7 of 7 people found the following review helpful:
3.0 out of 5 stars
Okay, not great, June 18, 2006
The book covers three principles: Admitting you're stuck, Diagnosing why you're stuck, Getting unstuck.
It does provide an excellent insight into systemic repair using aspects of a system: Purpose (central), Strategy, Structure + Process, Metrics + Rewards, People + Interaction, Culture
There are many organizations that don't get this, and center their efforts on only one aspect. The book, I found, more applicable to senior or departmental management rather than individuals.
The conscious employee that reads this would become more knowledgeable (actually more valuable) than their supervisor. Using the knowledge in this book, they would then become threatening to insecure management (of which I would say most management is - merely because most people go into management not because they wish to help others succeed, but rather because they are simply tired of working themselves).
If you are going to purchase the book, purchase it for your department supervisor, CIO, CFO, COO, CEO as well.
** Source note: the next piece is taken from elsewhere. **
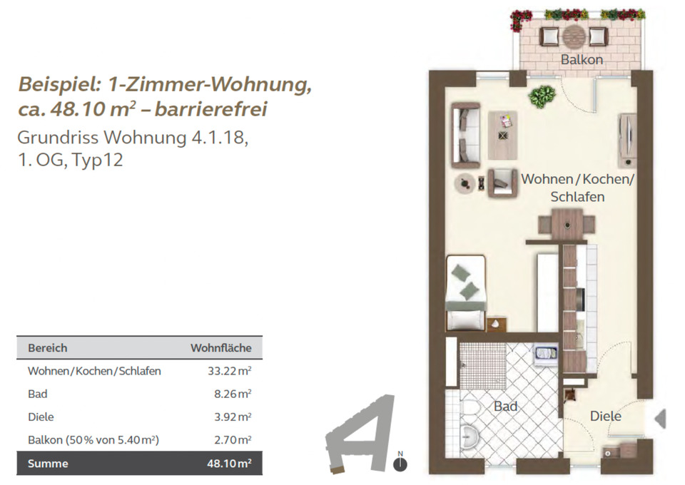 Sie befinden sich hier: Seniorenwohnanlage LAVIDA - schöne 1 Zi. Wohnung mit Küche Balkon in Nürnberg Gibitzenhof - 3306255269-203-6827 | 1A-Immobilienmarkt.de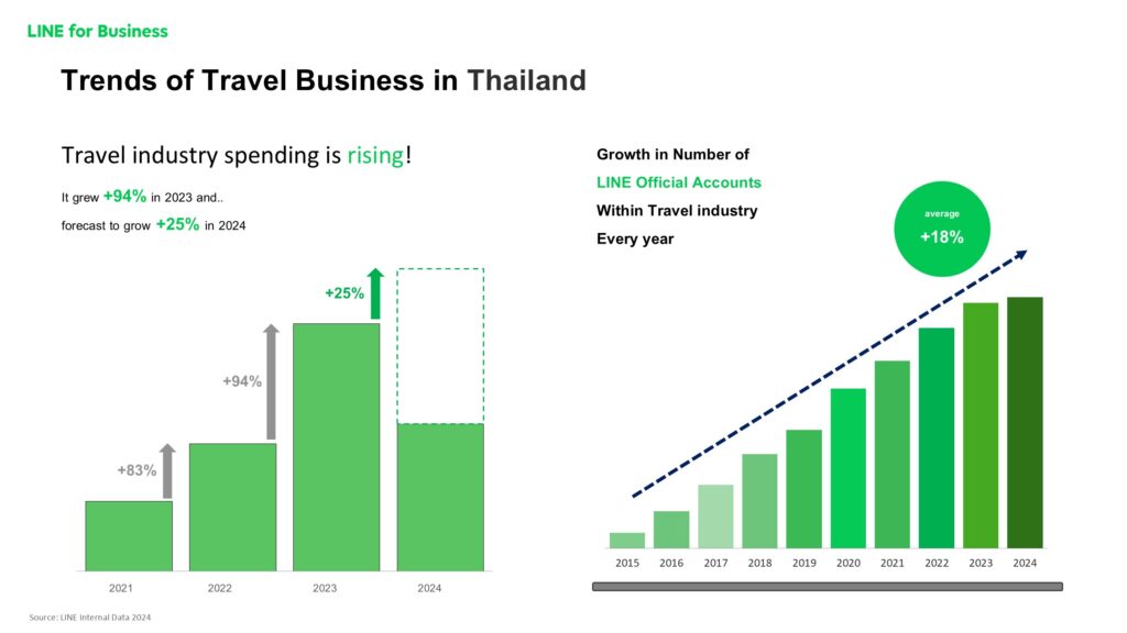 ด้วยเหตุนี้ LINE จึงมองว่าการนำ ‘เทคโนโลยี’ มาผสานกับ ‘บริการ’ จะช่วยแก้ปัญหาทั้งในเชิงแรงงานและประสิทธิภาพ ยกระดับประสบการณ์การท่องเที่ยวให้ตอบโจทย์นักท่องเที่ยวได้หลากหลาย ช่วยผ่อนคลายปัญหาการให้บริการที่ล้นมือบุคลากรได้อย่างลงตัว นั่นทำให้สถานการณ์ที่ผ่านมา บริการ LINE for Business มีจำนวนผู้ใช้บริการในกลุ่มอุตสาหกรรมท่องเที่ยวเติบโตมากถึง 94% ในปี 2022 – 2023 และคาดการณ์ว่า 2023 -2024 จะเติบโตต่อเนื่องที่ 25%

Otherwise you're going be seen as a problem raising such enlightened ideas in an unenlightened environment.
This, is not the fault of the book, but rather the structures of organizations.
The book advocates identifying informal leaders, making use of silent influentials. However, it also advocates cultural change activities that require the kind of power that only formal leaders have in an organization. The problem is that most dysfunctional managers will not be interested in change, they will not seek out this kind of awareness and if you (as a less powerful employer) try to bring things like progressive awareness into the arena you will be punished.
The problem I found with the book is that it is attempting to tell how you (a regular person) can institute change, but requires that you (as a change agent) have formal power within the organization - a very unlikely scenario, unless you are a progressive maverick type CEO.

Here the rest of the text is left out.